Is the ease with which participants can recall and replicate a musical rhythm impacted by their beliefs as to whether that rhythm was produced by a human or a computer?

Possible Theory, Conjecture, and Hypothesis:

Human beings find it easier to remember events containing emotional information than those that do not because we prefer social conditions, environments, and interactions to asocial ones.  Under this theory, we hypothesize that participants will be better at recalling and replicating rhythms they believe to be produced by humans than those produced by computers, as they will ascribe more emotional context to the human-produced piece.

Alternatively, a computer can produce a work that does not carry variations in microtiming, expressive or otherwise.  Under this, we hypothesize that participants will find it easier to recall and replicate those rhythms they believe were produced by a computer, as they will interpret such rhythms as exact and absolute.

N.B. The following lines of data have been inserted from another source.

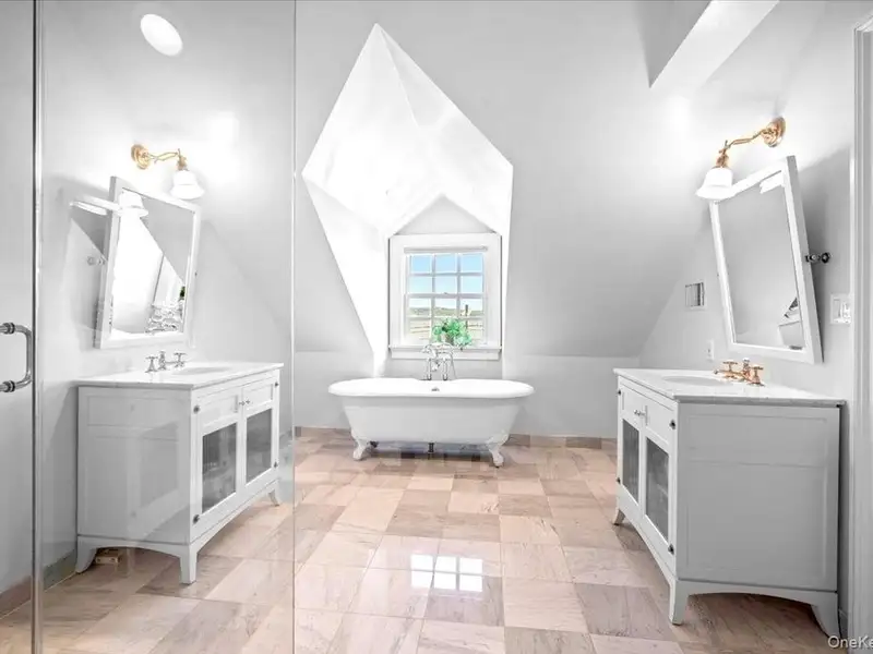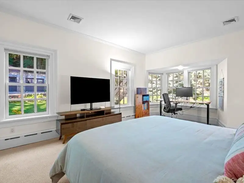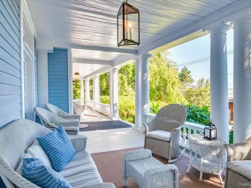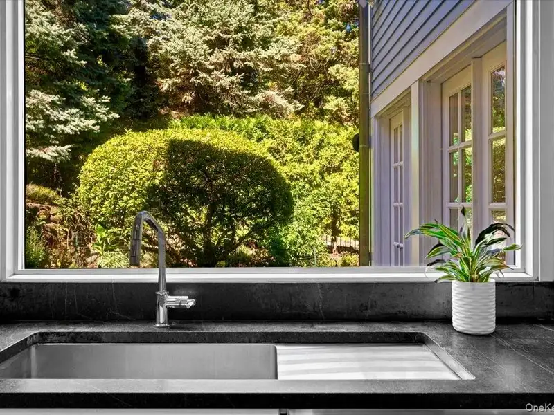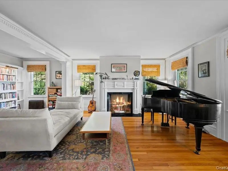 The Periwinkle House - River Views, History, and Soul. Set high above a lush, mature garden with sweeping views of the Hudson River and the bridge, The Periwinkle House is a one of-a-kind Greek Revival jewel - gracious, elegant, and with a great story. What began as a three-room cottage in 1794 grew over two centuries into the 5,016-square foot home standing today - a rare blend of old world craftsmanship and modern soulful luxury. Symmetry and charm define its facade while inside, original architectural details shine: intricate moldings, French doors, soaring ceilings, custom built-ins, cozy window seats, five wood-burning fireplaces, and beautiful wide-plank hardwood floors. The Chef's Kitchen is anchored by the legendary Aga stove, soapstone counters, and a butler's pantry, leading to a sun-splashed breakfast room with French doors which open onto the veranda and broad wraparound porch - perfect for slow mornings or lively summer nights. The formal dining room sets the stage for large gatherings or intimate evenings, and is complete with a built-in bar and a woodburning fireplace. The primary suite is pure serenity with panoramic river views, a huge woodburning fireplace, built-in window seats, a walk-in dressing room with laundry, and a Waterworks spa bath with soaking tub and glass shower. Two additional spacious bedrooms and another Waterworks bath complete the second floor. Upstairs, the third floor surprises with two more bedrooms, full bath, and a media lounge that opens onto a private terrace overlooking the back gardens. Out back, a heated gunite pool and spa are tucked into a fully fenced yard - your own private resort. A four-car garage plus a heated workshop adds flexibility for creatives or collectors, and the U-shaped driveway makes parking and entertaining effortless. Just 25 miles to midtown Manhattan and five minutes to Piermont's riverfront restaurants, cafes, and boutiques, the Periwinkle House balances history, luxury, and lifestyle in a way few homes ever do. This special home is a bridge between centuries. Award winning South Orangetown Schools . The new walking path behind the house links to the Old Erie Esposito Path .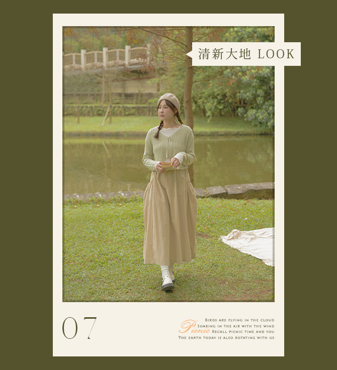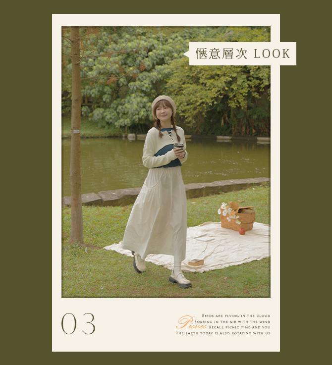 這次選擇白色針織上衣來做搭配,極短版版型非常修飾上身身形,內搭的皺皺上衣增添整體設計細節,兩種看似衝突的單品搭配起來卻意外的和諧。下半身選擇A字剪裁的傘擺裙,大口袋設計方便又實用,輕鬆穿出質感野餐LOOK!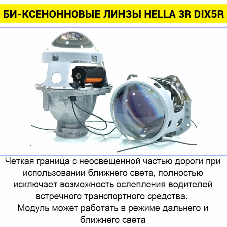 | Подробная комплектация | 2шт Би-ксеноновая линза Dix 5r 2шт Переходные рамки 2шт Кольцо фиксации лампы 2шт Провод переключения ближний дальний |

Operationalization of First Hypothesis:
“… we hypothesize that participants will be better at recalling and replicating rhythms they believe to be produced by humans than those produced by computers…”

Participants = Students from Yale College and the Yale School of Music aged 18-25

Better Recall and Replication = We will ask participants to reproduce the rhythm exactly (to the best of their ability) after hearing it.  We anticipate a significantly higher accuracy in this task in the “human belief” condition(s).  Further refinement of our method will happen after we feel more confident in knowing what others have done.

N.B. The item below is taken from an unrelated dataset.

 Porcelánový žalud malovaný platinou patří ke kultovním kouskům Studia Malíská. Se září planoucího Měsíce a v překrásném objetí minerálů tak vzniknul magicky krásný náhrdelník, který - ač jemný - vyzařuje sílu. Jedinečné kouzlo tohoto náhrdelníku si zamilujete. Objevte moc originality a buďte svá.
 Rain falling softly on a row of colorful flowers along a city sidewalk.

Believe and Produced= Two recordings will be created, one by having a human being play a rhythm and one by having a computer generate a piece using the exact written timing of that rhythm.  Participants will be told either nothing about the origin of the piece (control), that a computer produced the rhythm, or that a human produced the rhythm.

Group Questions!

1) Is there a “sweet spot” in terms of musical repetition relating to the enjoyment of the listener?

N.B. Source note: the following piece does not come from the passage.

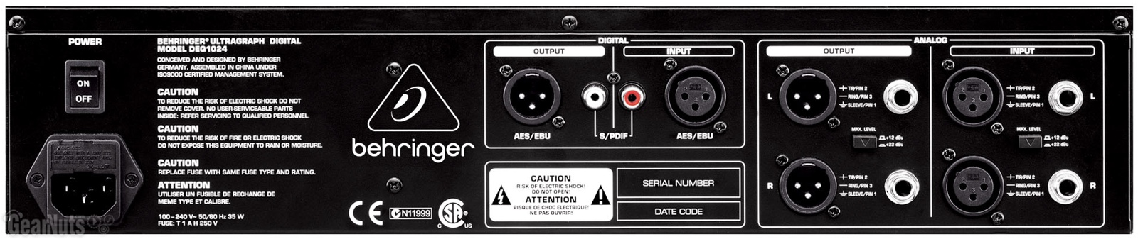 Цифровые интерфейс AES/EBU и S/PDIF предоставляет Вам изобилие возможностей подключений и выбор частоты дискретизации (44.1, 48 и 96 кГц). Коммуникационные возможности DEQ 1024 дополняют серво-сбалансированные входы и выходы на позолоченных XLR и 1/4 TRS-разъемах. Вы спокойно можете возить его по свету во время гастролей не опасаясь за несовместимость сетей: встроенный переключаемый блок питания (100 - 240 В~) гарантирует бесшумное звуковоспроизведение, превосходный транзиентный ответ и минимальное потребление электроэнергии.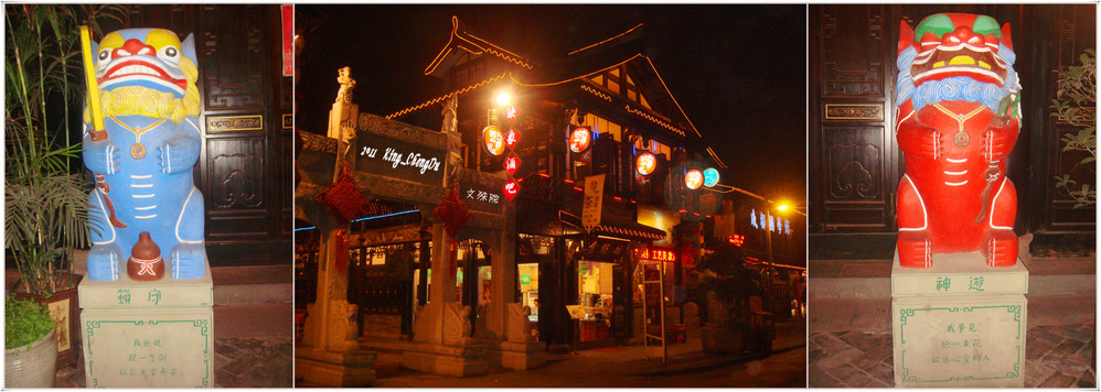 晚上终于和猪汇合啦!洗刷完,去闲逛文殊院,可是太晚的原因,文殊院の店铺几乎关门了,里面的小吃街也都收摊了。我の冒菜,我の串串香,呜呜。。。

2) How quickly can we identify the meter of a song, specifically when it is in a complex meter (5/8, 7/8, alternating bars of 3 and 4, etc)? Is there a great difference between musicians and non-musicians in identification? Or between types of musicians?


Possible Group Research Questions

1) Because of the entanglement of music and emotions, some research has suggested that background music can enhance memory.  What effect does this music’s “groove” have on the listener’s ability to retain information in working and/or long-term memory?

2) What effect does the “grooviness” of a song have on its “earworm” quality?